Поездка в Египет - Ю. Щербачев
Шрифт:
Интервал:
Закладка:
А бедуины, погасив огарки, уже влекли нас по уступам наверх. Когда взбираешься на пирамиду, она походит на полуразвалившуюся лестницу великанов; нет ей границ ни в вышине, ни с боков, только внизу видно, что гряды камней вырастают из песку. Медленно, с напряжением, осиливали мы ступень за ступенью; он выше обыкновенного письменного стола и притом лестница чрезвычайно крута. Вскоре поэт, который, как и я, взбирался по северной стороне, отстал от меня со своими Арабами, и я буквально потерял их из виду. Это не покажется невероятным, если примешь во внимание, что всякая из площадей Хеопсовой пирамиды имеет около трех десятин — размеры приличного фруктового сада. В окружности пирамиды, у её подножия, без малого верста.
Через десять минут я более не мог идти и отдался во власть проводникам значительно увеличившимся в числе; двое снизу подымали меня за колени как палку, верхние дергали за руки, и я грузился с камня на камень, как поклонницы из Яффы на Константин? Только на последние ряды А пожелал подняться без посторонней помощи; с каждым шагом трудность росла в геометрической прогрессии, и пред верхним уступом я остановился на несколько секунд вполне изнеможенный: казалось мне легче сызнова вскарабкаться до того места, где нахожусь, чем преодолеть эту одну, конечную ступень.
— Ура! воскликнул я на широкой площадке, образующей вершину.
— Ура-а!.. Ура-а-а! подхватили Арабы и проорали несколько минут, как будто радуясь, что в этот раз не они первые начали.
Пирамиды стоят Близ той черты, где безо всякой постепенности, без перехода, край, дышащий обилием и жизнью, соприкасается с мертвым морем песку и скал; с вершины Хеопсовой гробницы черта заметна далеко в обе стороны, на север, и на юг: от пирамид Абу-Роаша до пирамид Мемфиса жизнь и смерть разделили поровну видимое пространство. Восток занят плодородным Египтом, — сплошною, цветущею нивою [36], исполосованной каналами, испещренной деревушками-муравейниками и орошаемой величайшею из рек; верстах в 15-ти, у подошвы Мокатама, вырезается силуэт Каира. на западе, в холмистой и бесформенной, как хаос, Сахаре, владычествует смерть, — бесплодная, древняя смерть, окостеневшая десятки столетий назад; ее угадываешь и среди надгробных памятников Фараонов, названия коих утрачены поколениями, и окрест Сфинкса, отжившего бога с потухшим взглядом, и на склонах каменного кряжа, где чернеют могилы-колодцы, подобный норам вымерших зверей.
Вокруг меня нет ни балюстрады, ни перил; я как будто стою на хребте воздушного шара и ощущаю мировой простор… Мною овладевает идея неземного могущества; я чувствую себя мифическим божеством; все мне покорно, — солнце не жжет меня, долина кадит благоуханием полей, ветерок ласкает лицо, еле шевеля моими священными волосами.

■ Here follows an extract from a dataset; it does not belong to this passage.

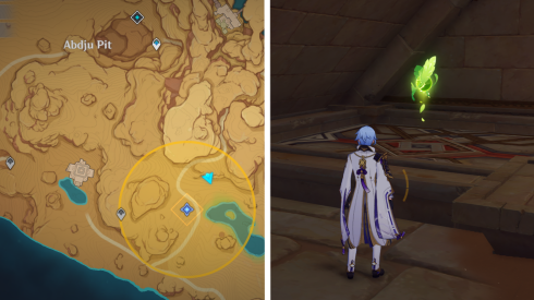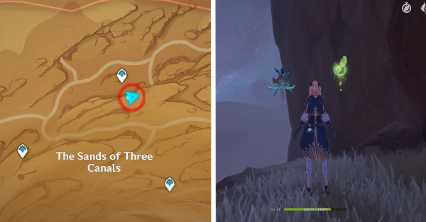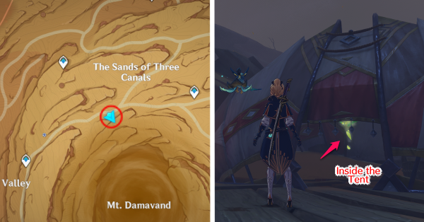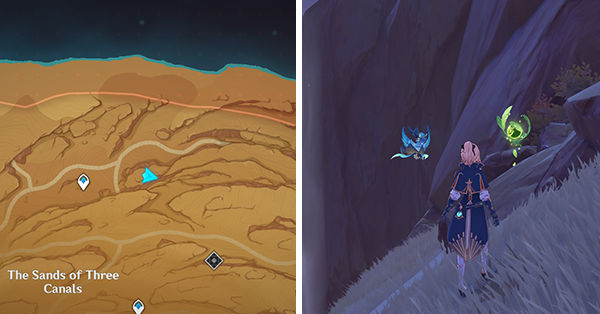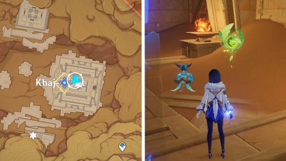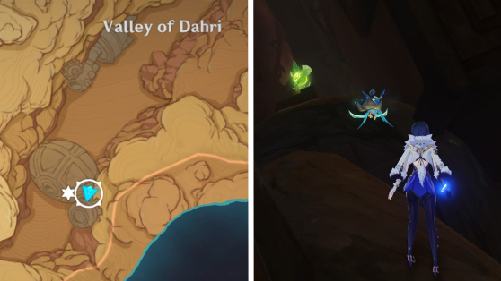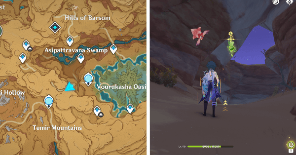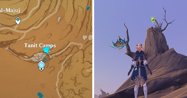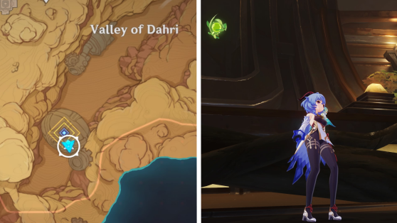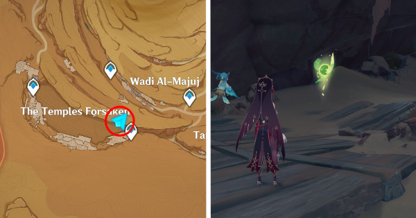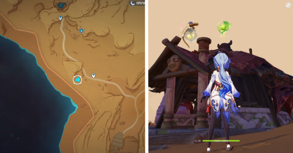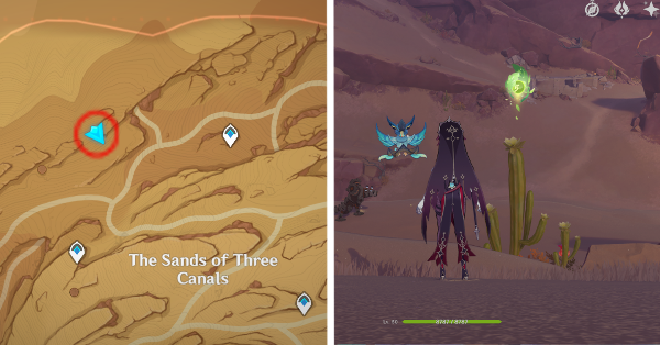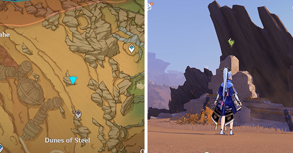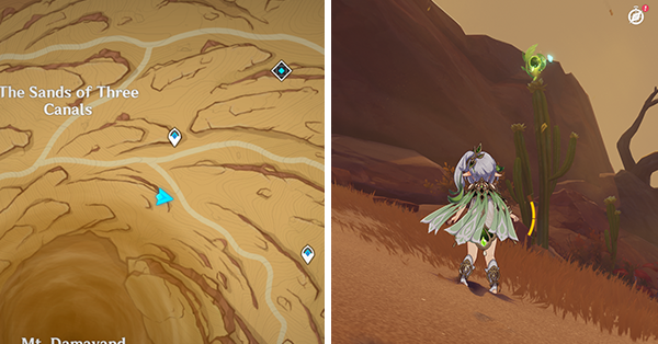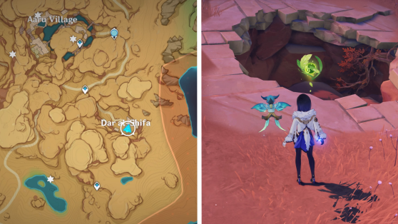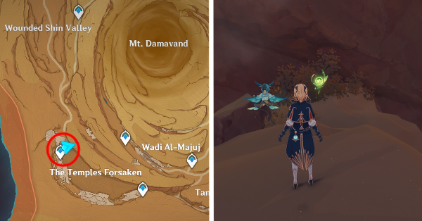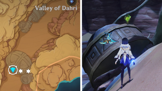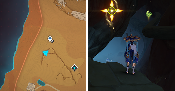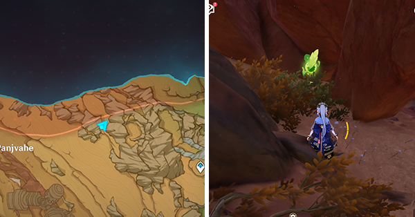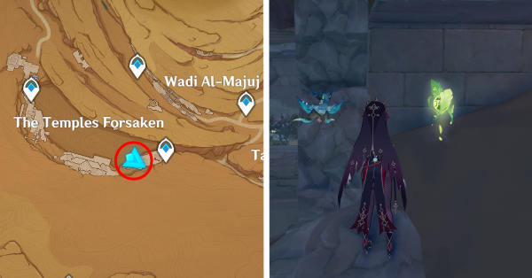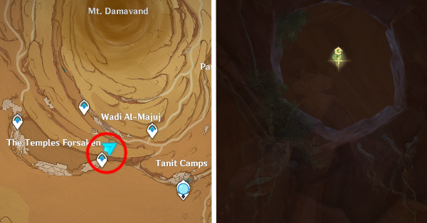 | 61 | ![]() Расположен внутри убежища Пустынников. На входе Паймон начнет говорить о слежке за одним из них. Следуйте за женщиной, идущей по дороге, пока она не назовет пароль. Используйте пароль на механизме у входа, чтобы открыть дверь. Дендрокул находится в первой комнате справа. |

Лишь буйные аггелы не повинуются мне, — тащат смотреть подпись герцога Вельсского, дон-Педро и других знатных особ, суетятся, шумят, в перебой называют развернувшиеся пред нами местности….
— Sir, вкрадчиво говорить один, — то что вы заплатите шейху будет разделено между всеми бедуинами, а мы, которые так усердно вам служили…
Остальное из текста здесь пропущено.